Eventually, after much psychotic shouting on Hammersmith Broadway, the hapless Zekria was confined at the Charing Cross unit in the West London Mental Health Trust. Following the unsafe unstable freedom of his schizophrenia, came the restrictions of Section 3. He would not have survived without the multi- racial compassion of the individual doctors and nurses in Charing Cross. Yet the overall SYSTEM remains an ogre of rules and restraints, and the INSTITUTION of psychiatry can be as cold and vicious as in the days of lobotomy and insulin shock.

Now he is elderly, but still he muses about being locked up, drugged up, about how, with schizophrenia, the treatment can be worse than the disease…

Book Extract

Edward:
Hunt the trade unionists, the demonstrators, the whole left- wing gang, Elizabeth! (He sticks
out his chin with a cretin’s pride) For England, we must kill the Reds! (He waves round his
riding crop) Smash the socialists!

Elizabeth:
(With cruel approval, she claps her gloved hands) How you seem so noble, when you lament
the way that false urban liberalism has sought to undermine our jewel of a countryside!

Edward:
And you appear a gem, too.
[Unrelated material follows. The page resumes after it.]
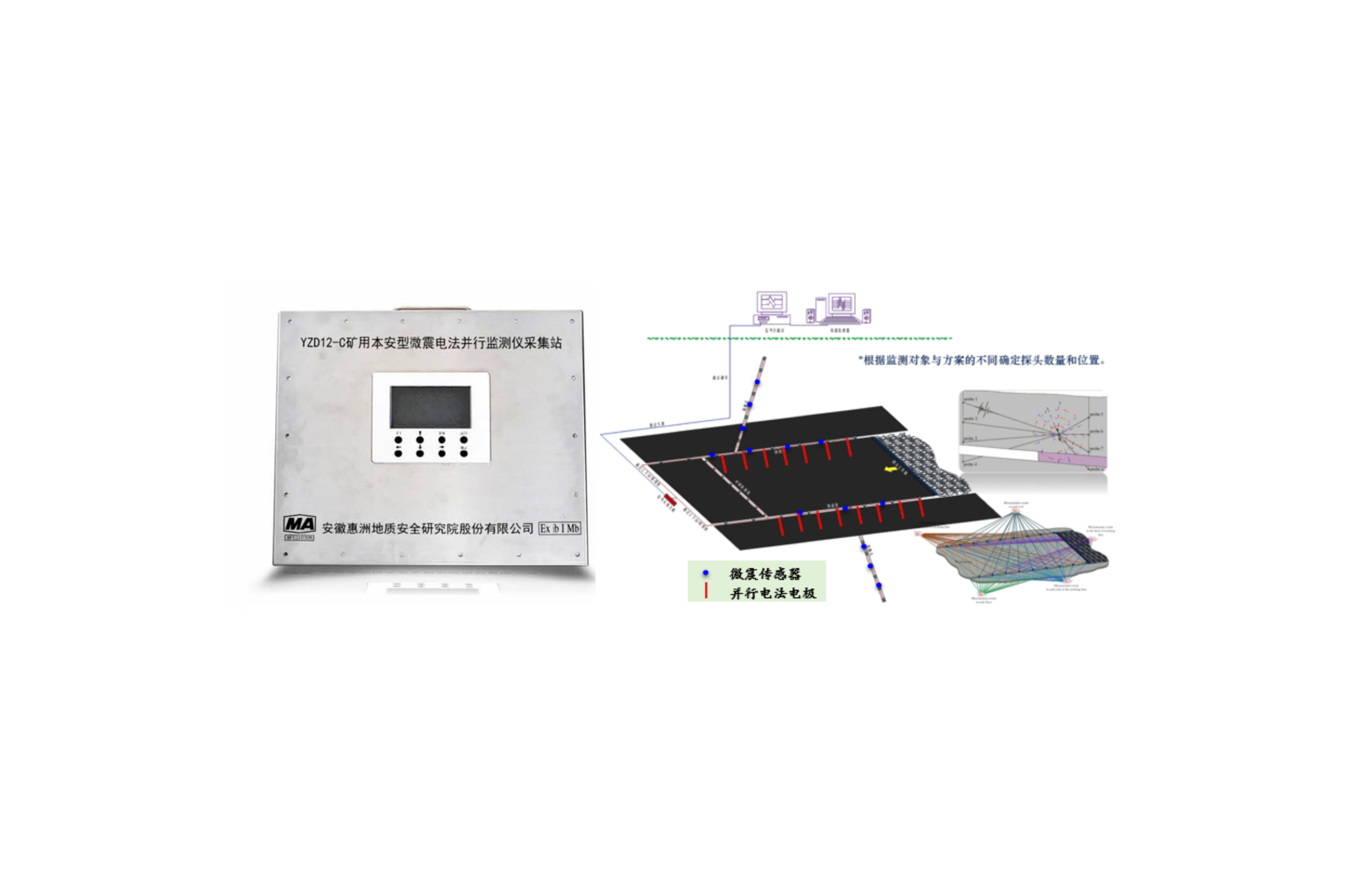 整個(gè)硬件系統(tǒng)主要儀器設(shè)備為YZD12-C礦用本安型微震電法并行監(jiān)測儀,是基于“分布式并行智能電極電位差信號采集方法” 和“一種基于礦井物聯(lián)網(wǎng)技術(shù)的物探儀器遠(yuǎn)程控制系統(tǒng)及其控制方法”等9項(xiàng)發(fā)明專利研制而成,符合《煤礦并行電法數(shù)據(jù)采集方法》等多項(xiàng)行業(yè)標(biāo)準(zhǔn)。該設(shè)備適用于《煤礦防治水細(xì)則》第九條中得微震與電法耦合監(jiān)測系統(tǒng)。微震采集模塊利用地震學(xué)、聲學(xué)和地球物理學(xué)原理和計(jì)算機(jī)強(qiáng)大的計(jì)算功能來實(shí)現(xiàn)微震事件的精確定位和級別大小的確定;電法模塊使用全電場觀測技術(shù)同步采集所有測點(diǎn)的自然電場、一次電場電位和二次電場電位數(shù)據(jù),極大提高了電法數(shù)據(jù)采集效率和采集精度。儀器為安徽省首套一體化裝備,可廣泛應(yīng)用于礦井構(gòu)造、陷落柱、水害探測和微震、微震與電法耦合等科學(xué)有效的監(jiān)測及建立突水監(jiān)測預(yù)警系統(tǒng)。

Bessie, dearie, you seem to glimmer in the dusk. You look like
something from a Rajah’s treasure chest. (Edward has become semi- drunk) Kiss me,
Elizabeth! I plead!

Elizabeth:
(An imperious shriek) No! Sex was banned from our marriage after the third child! I have
turned to the Anglican Christ, which forbids all intimacy. According to the Gospels, sex should
be the enemy. Sex has a venomous vigour reminiscent of revolution. It militates against any
conservative calm. It makes us all subject to a pathetic demeaning passion. It relegates us to
the gutter alongside sodden beasts. It destroys dignity!